Figures & data
Figure 1 Mitochondrial ROS promotes hematopoietic stem cell differentiation but attenuates Notch signaling. (A) ROS generation is progressively increased during hematopoietic stem cell differentiation (LSK, LK, Lin- and Lin+) measured by flow cytometry. **P < 0.01; ns, P > 0.05. (B) Overlays of mitochondrial membrane potential stained with JC-1 in WT mice LSK, LK, Lin- and Lin+ cells. (C) Indicated cells were stained with 5 μM MitoSOX Red, specific for mitochondrial O2−·, for 15 minutes and then analyzed flow cytometry. Percentage of MitoSox Red positive cells was quantified. **P < 0.01. (D, E) NAC and MitoQ inhibited rapamycin-induced differentiation measured by benzidine staining. Percentage of benzidine-positive cells was quantified (right panel). **P < 0.01; ns, P > 0.05. (F) Comparison of in vitro CFU-C in control and MitoQ treated hematopoietic stem and progenitor cells (LSK) and counted on day 7. The numbers of colonies were quantified (right panel). *P < 0.05. (G) Blood routine examination of peripheral blood form control and NAC treated wild-type mice. *P < 0.05. (H) Cytometric measurement of intracellular Notch protein level in LSK cells isolated from wild-type mice treated with or without NAC. *P < 0.05. (I) qRT-PCR detection of the expression for Notch target genes Hey2 and Cyclin D1 in LSK cells isolated from NAC treated wild-type mice. *P < 0.05; **P < 0.01.

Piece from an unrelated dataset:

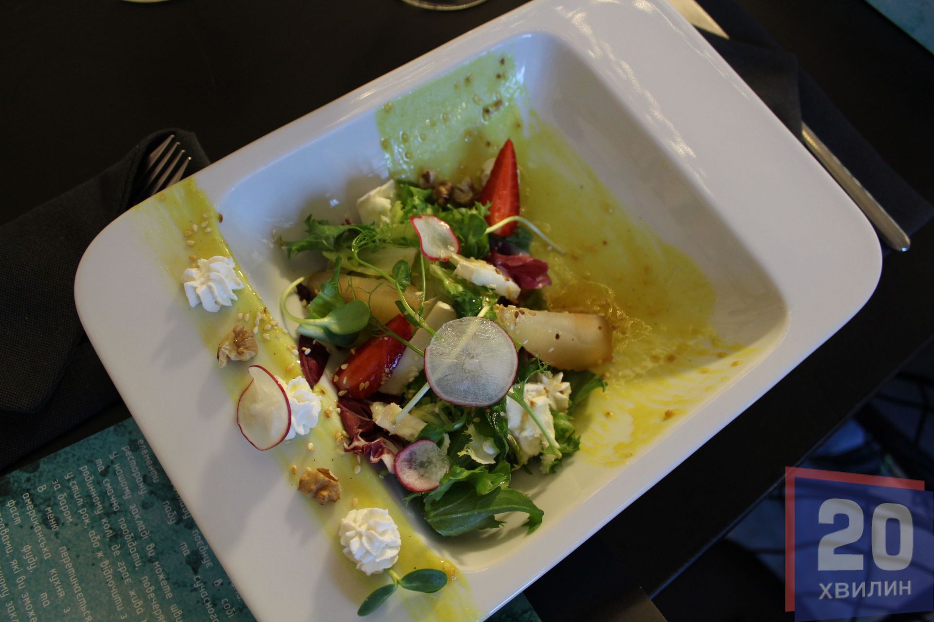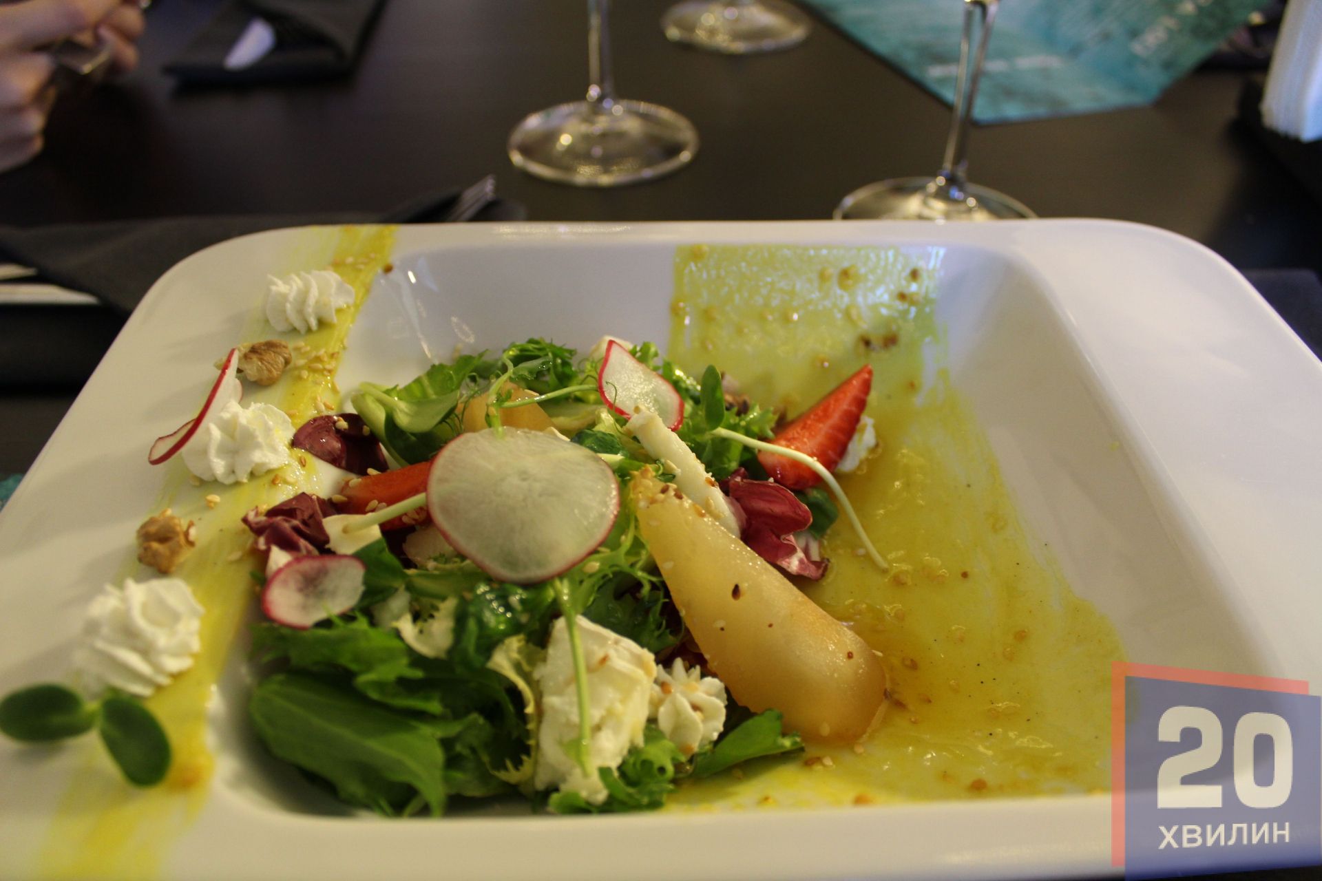Після пива і закусок гості смакували салат, у якому було кілька особливих інгрідієнтів. Шеф-кухар поєднав ніжний козячий сир, горіхи, зелень, полуницю, редиску, соус з конжутом та надзвичайно смачну грушу. Подавали салат з вином.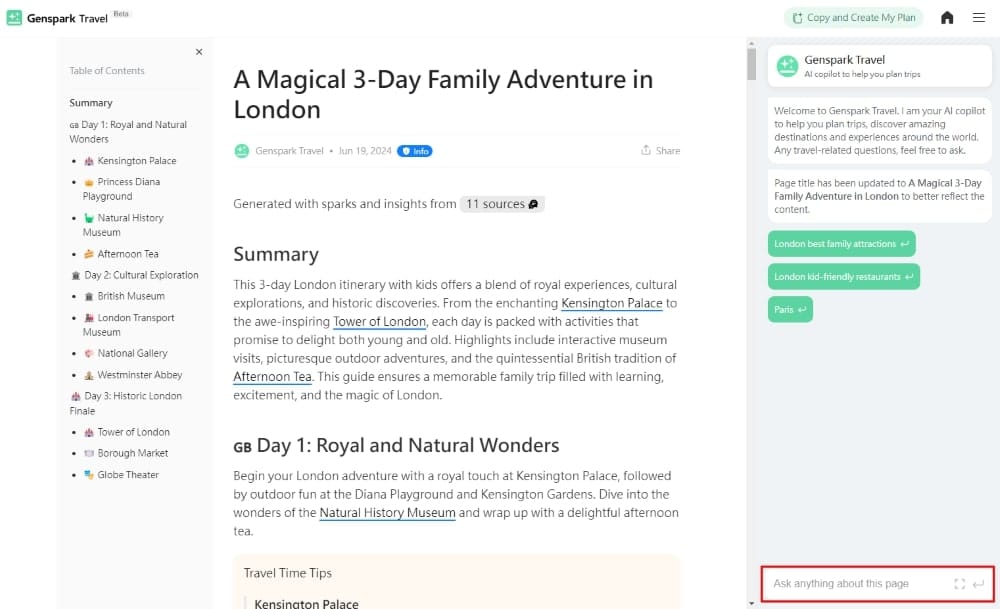用戶可在 Sparkpage 頁面內建的聊天機械人,輸入與 Sparkpage 上的內容相關的後續問題,如價格或更多旅遊景點等。如想保存頁面,右上方點撃「Copy and Create My Plan」。

Figure 2 ROS regulates hematopoietic stem cell differentiation in an autophagy-dependent manner. (A) Rapamycin reduced ROS level in wild-type mouse LSK cells, measured by DCF-DA staining. Results were quantified (lower panel). **P < 0.01. (B) Autophagy defect in different stages (LSK, LK and Lin+) of hematopoietic hierarchy caused elevated ROS generation and different response to NAC treatment. *P < 0.05; **, P < 0.01; ns, P > 0.05. (C) qRT-PCR detection of the expression for autophagy-essential genes in LSK cells isolated from NAC treated or not treated wild-type mice. *P < 0.05; **P < 0.01. (D) NAC reduced the percentage of CD11b and Ly6G-Ly6C bone marrow cells in wild-type, not Atg7−/− mice, measured by flow cytometry. **P < 0.01, *P < 0.05. (E) Autophagy defect impaired multilineage differentiation and caused a failure in response to NAC treatment. Wild-type and Atg7−/−mice were treated with or without NAC, and peripheral blood was counted **P < 0.01; ns, P > 0.05. All experiments were repeated at least three times. n ≥ 5.
Figure 3 A cartoon illustrating ROS regulation of HSC differentiation. ROS generated in the mitochondria acts as an upstream signal to activate autophagy, and autophagy in turn targets intracellular Notch, thereby relieving its suppression on hematopoietic stem cell multilineage differentiation.